Oh The Places We'll Go: My Bodies Journey

Oh The Places We'll Go: My Bodies Journey: So, I've been home for winter break a few days now, and I was looking through old photos of me from around freshman and sophomore yea...





So this is a post that I put on my other blog which less people ever see because I didn't want people to see it. But I recently looked over the post again, and It still gives me chills. I have struggled with loving my body for so long. In the first pictures where I am tiny, I thought I was fat, and then you can see that I gained a lot of weight after being sent to wilderness and boarding school.

Its still hard to love my body, when I know I used to be so much smaller. I always find myself comparing my body to other girls my age. I find that I am really negative inside my head about my body. For example someone who I deem pretty walks by, and the immediate thought in my head is "I wish I was that skinny, I wish I was that pretty..." But I realize that I am having those automatic negative thoughts and I try to combat them with saying that I am healthier now, I now longer force myself to throw up everything I eat, I no longer eat hardly anything, I am stronger than I was back then, both emotionally, mentally and physically.

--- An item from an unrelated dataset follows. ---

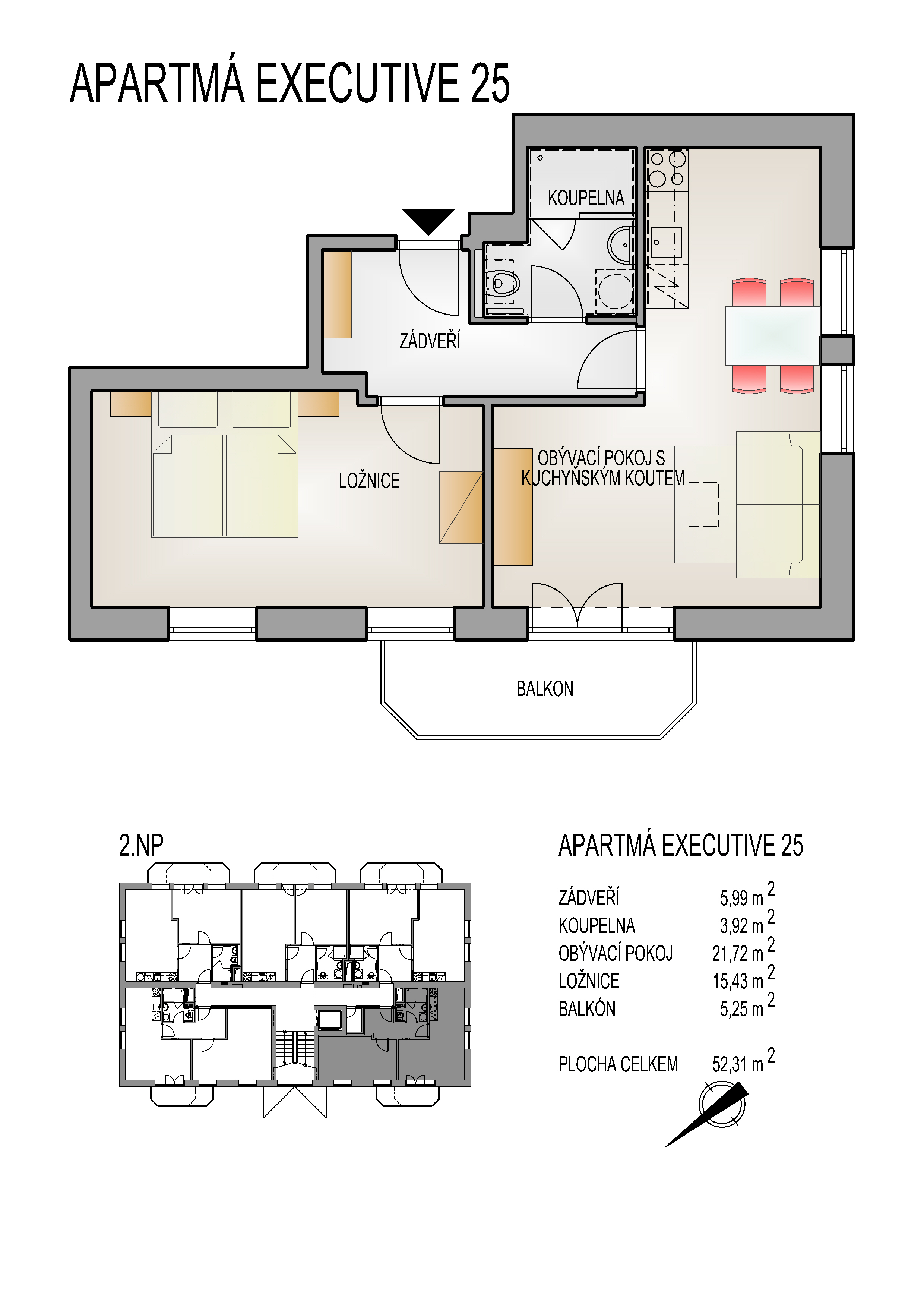 Na fotografiích jsou typové apartmány v objektu. Nábytek a veškeré vybavení na snímcích odpovídá skutečnosti, orientace místnosti a uspořádání nábytku na fotografiích se nemusí shodovat s pozicí místnosti v půdorysu.

We live in a society where thin is what everyone wants to be, it is what seen as the perfect body. But I have curves, I have love handles, I have a little belly pouch, but I am still beautiful. But sometimes that is hard to remember. Its easy to compare, its easy to be negative, its easy to hate your body. But its hard to love it, Its hard to say, "Damn I look hot today". I know I am not the only one that struggles with body image issues out there. And for girls who are currently struggling with an eating disorder, there is help out there and you can stop.



What are y'alls thoughts on Body Image?

I'd love to hear what you have to say on this subject.